[[ DATA IN THIS EXERCISE open ]]

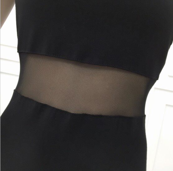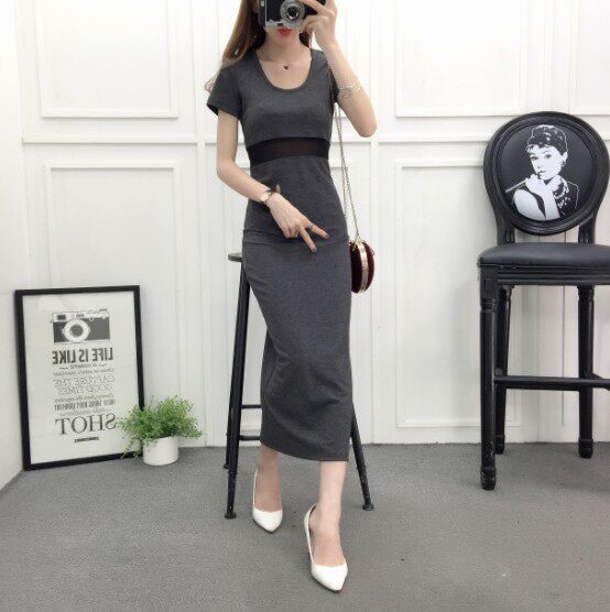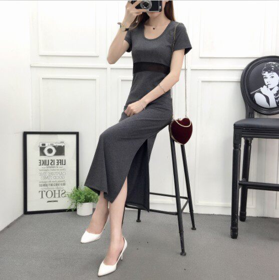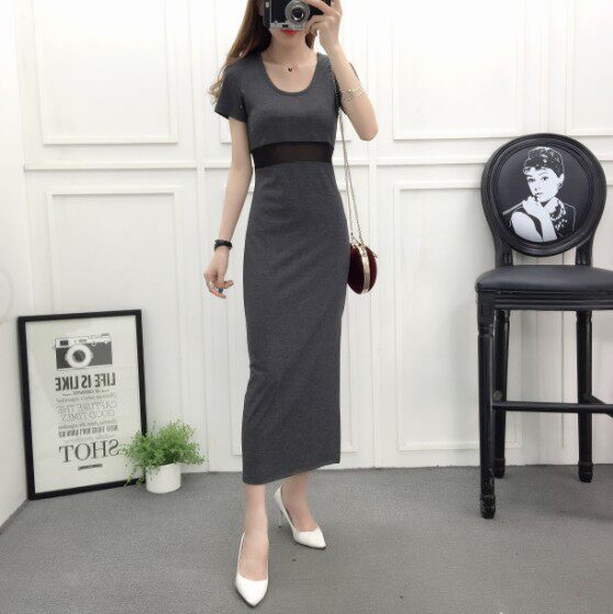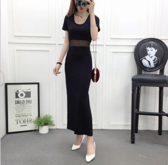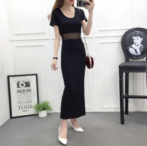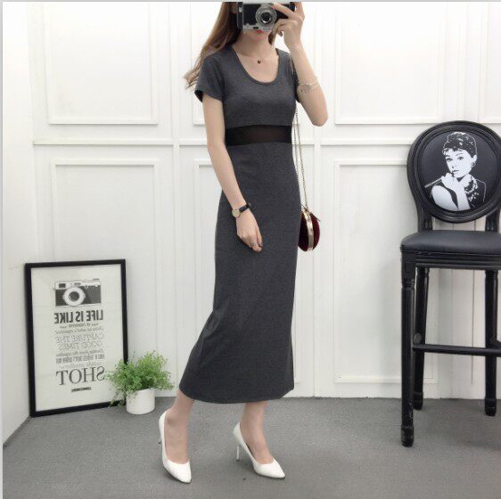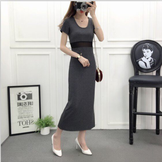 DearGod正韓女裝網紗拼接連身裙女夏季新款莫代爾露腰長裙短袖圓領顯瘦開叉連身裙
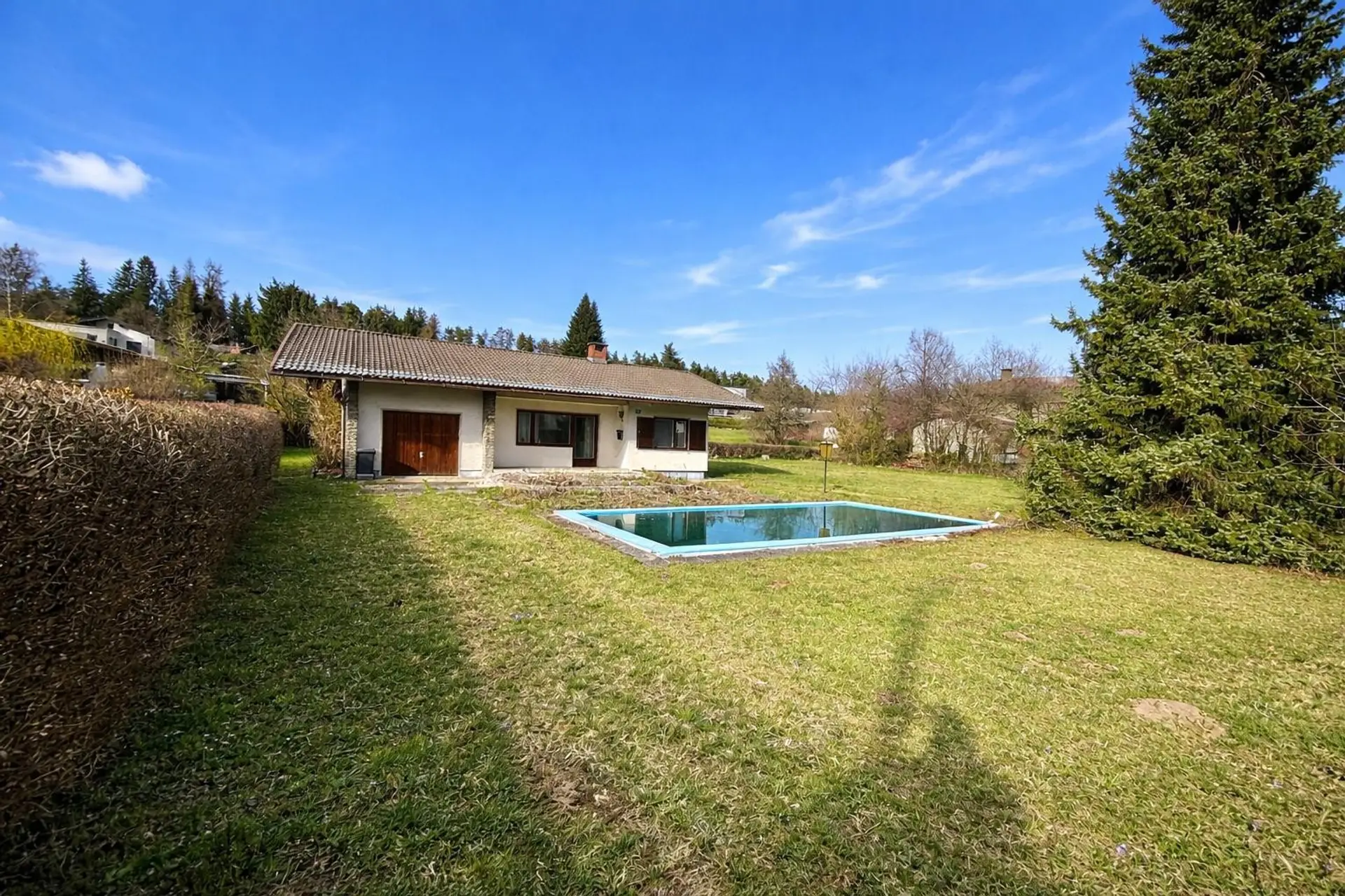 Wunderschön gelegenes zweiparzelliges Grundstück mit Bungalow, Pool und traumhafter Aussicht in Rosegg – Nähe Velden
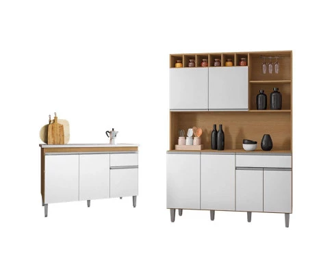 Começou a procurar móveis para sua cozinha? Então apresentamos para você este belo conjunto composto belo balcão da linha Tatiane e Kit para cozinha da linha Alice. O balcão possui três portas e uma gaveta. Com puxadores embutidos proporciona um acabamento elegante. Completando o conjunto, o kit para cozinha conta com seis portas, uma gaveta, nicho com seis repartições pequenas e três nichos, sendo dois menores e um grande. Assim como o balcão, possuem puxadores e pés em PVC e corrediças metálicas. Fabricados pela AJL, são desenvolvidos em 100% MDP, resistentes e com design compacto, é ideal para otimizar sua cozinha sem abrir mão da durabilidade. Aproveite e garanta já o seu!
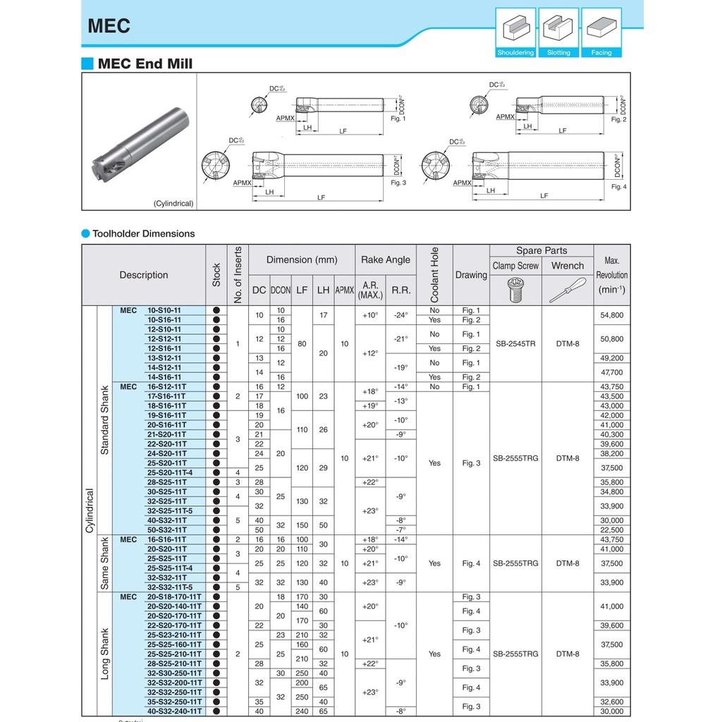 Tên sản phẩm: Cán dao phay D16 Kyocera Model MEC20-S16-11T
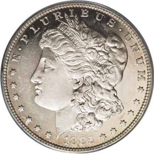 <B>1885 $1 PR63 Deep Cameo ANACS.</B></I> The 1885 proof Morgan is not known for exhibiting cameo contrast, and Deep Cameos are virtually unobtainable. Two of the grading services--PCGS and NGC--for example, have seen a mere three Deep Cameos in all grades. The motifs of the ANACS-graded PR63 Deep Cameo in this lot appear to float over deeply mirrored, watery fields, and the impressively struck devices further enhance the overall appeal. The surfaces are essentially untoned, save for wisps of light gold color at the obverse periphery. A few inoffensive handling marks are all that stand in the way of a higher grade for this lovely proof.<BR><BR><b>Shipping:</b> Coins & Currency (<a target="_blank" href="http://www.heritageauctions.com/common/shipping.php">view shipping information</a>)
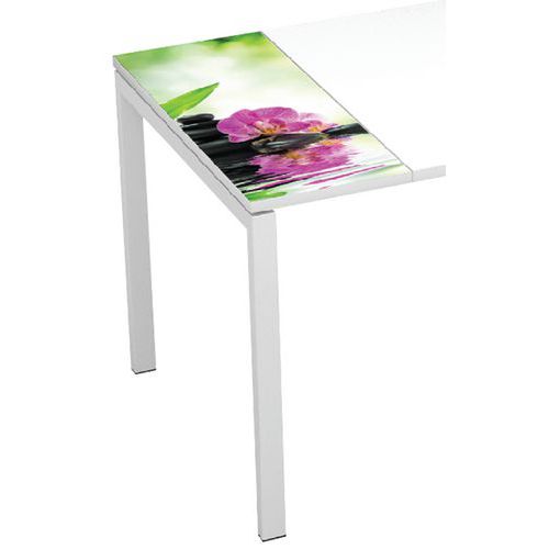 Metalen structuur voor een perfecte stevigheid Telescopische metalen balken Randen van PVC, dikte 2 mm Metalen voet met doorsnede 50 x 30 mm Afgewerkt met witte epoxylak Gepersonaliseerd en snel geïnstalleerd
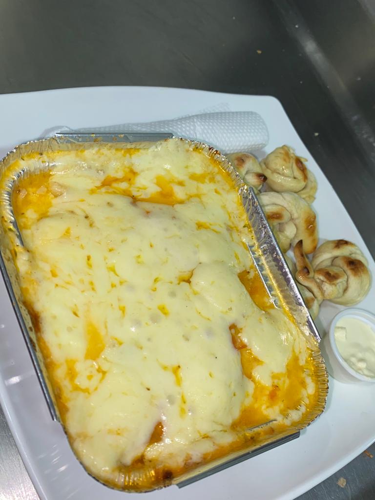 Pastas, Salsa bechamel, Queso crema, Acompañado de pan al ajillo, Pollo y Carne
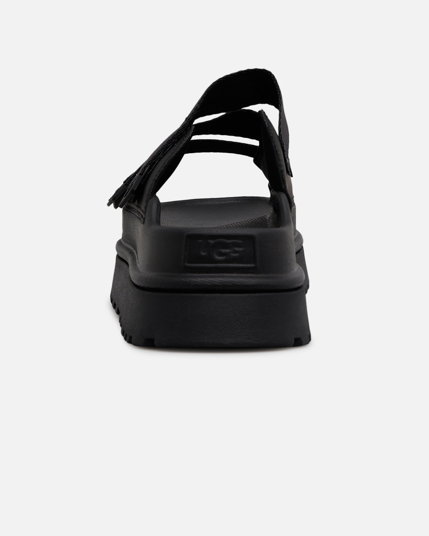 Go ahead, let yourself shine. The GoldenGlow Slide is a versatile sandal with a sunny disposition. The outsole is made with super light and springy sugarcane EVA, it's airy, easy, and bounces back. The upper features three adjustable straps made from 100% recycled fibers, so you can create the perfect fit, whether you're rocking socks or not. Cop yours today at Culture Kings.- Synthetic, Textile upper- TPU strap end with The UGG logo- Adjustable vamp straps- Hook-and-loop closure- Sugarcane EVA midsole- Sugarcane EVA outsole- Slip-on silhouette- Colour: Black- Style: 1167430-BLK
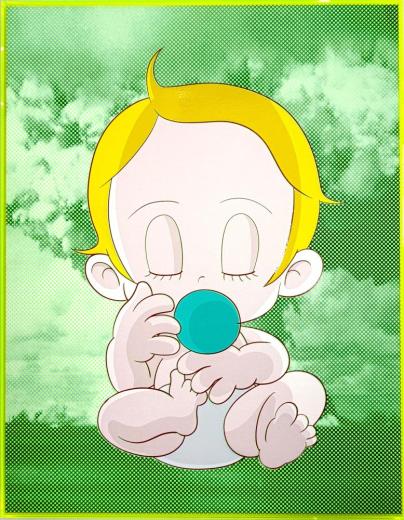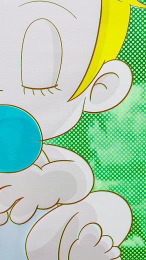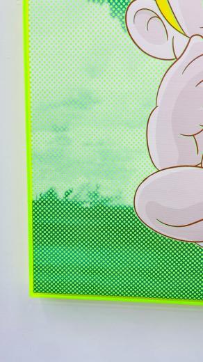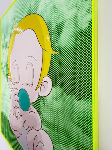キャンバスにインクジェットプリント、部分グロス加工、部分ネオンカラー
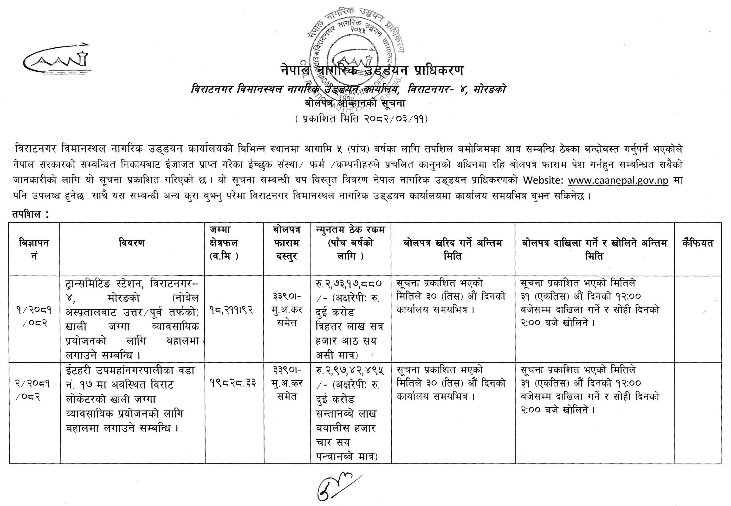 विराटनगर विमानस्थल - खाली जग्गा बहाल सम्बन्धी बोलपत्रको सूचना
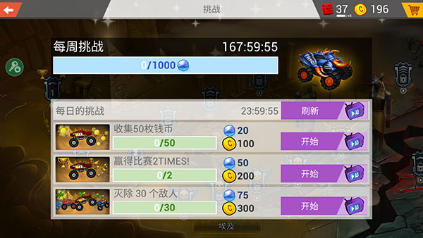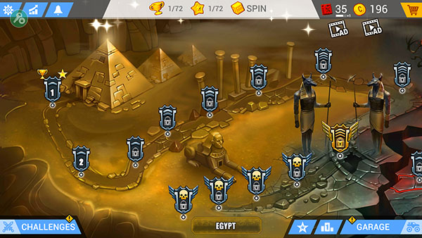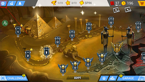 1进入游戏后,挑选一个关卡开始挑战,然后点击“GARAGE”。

[[ DATA IN THIS EXERCISE closed ]]

EXERCISE INSTRUCTIONS. Go back to the entries above and restate word for word every line from the first through the one that contains "Wunderschön gelegenes zweiparzelliges", leaving the pictures behind.

RESULT OF THIS TASK.
 DearGod正韓女裝網紗拼接連身裙女夏季新款莫代爾露腰長裙短袖圓領顯瘦開叉連身裙
 Wunderschön gelegenes zweiparzelliges Grundstück mit Bungalow, Pool und traumhafter Aussicht in Rosegg – Nähe Velden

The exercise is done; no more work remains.